What is being asked
Copy the lines below exactly, starting at the one with "一玉1kgの白菜20個を四分の一サイズにカットして並べ、半日干しました。" and ending at the one with "Prieš ir po.", and leave out any picture.

Exercise data
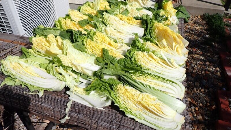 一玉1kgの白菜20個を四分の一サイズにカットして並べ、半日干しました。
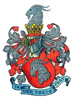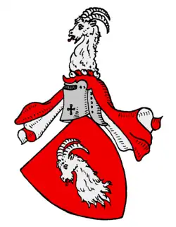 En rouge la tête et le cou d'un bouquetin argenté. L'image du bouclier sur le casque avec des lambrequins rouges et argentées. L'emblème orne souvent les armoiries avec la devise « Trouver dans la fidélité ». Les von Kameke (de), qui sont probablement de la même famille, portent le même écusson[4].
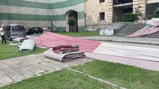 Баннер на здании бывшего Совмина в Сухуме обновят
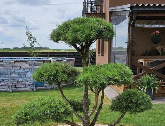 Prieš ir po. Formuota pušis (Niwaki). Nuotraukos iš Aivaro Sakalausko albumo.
...
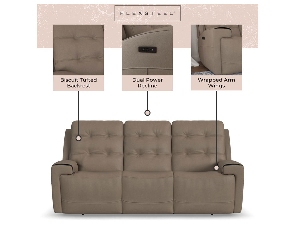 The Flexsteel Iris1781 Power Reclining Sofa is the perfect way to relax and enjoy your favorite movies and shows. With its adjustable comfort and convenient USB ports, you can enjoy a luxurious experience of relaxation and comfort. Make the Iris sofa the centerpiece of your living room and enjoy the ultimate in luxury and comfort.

Answer for the task
 一玉1kgの白菜20個を四分の一サイズにカットして並べ、半日干しました。
 En rouge la tête et le cou d'un bouquetin argenté. L'image du bouclier sur le casque avec des lambrequins rouges et argentées. L'emblème orne souvent les armoiries avec la devise « Trouver dans la fidélité ». Les von Kameke (de), qui sont probablement de la même famille, portent le même écusson[4].
 Баннер на здании бывшего Совмина в Сухуме обновят
 Prieš ir po. Formuota pušis (Niwaki). Nuotraukos iš Aivaro Sakalausko albumo.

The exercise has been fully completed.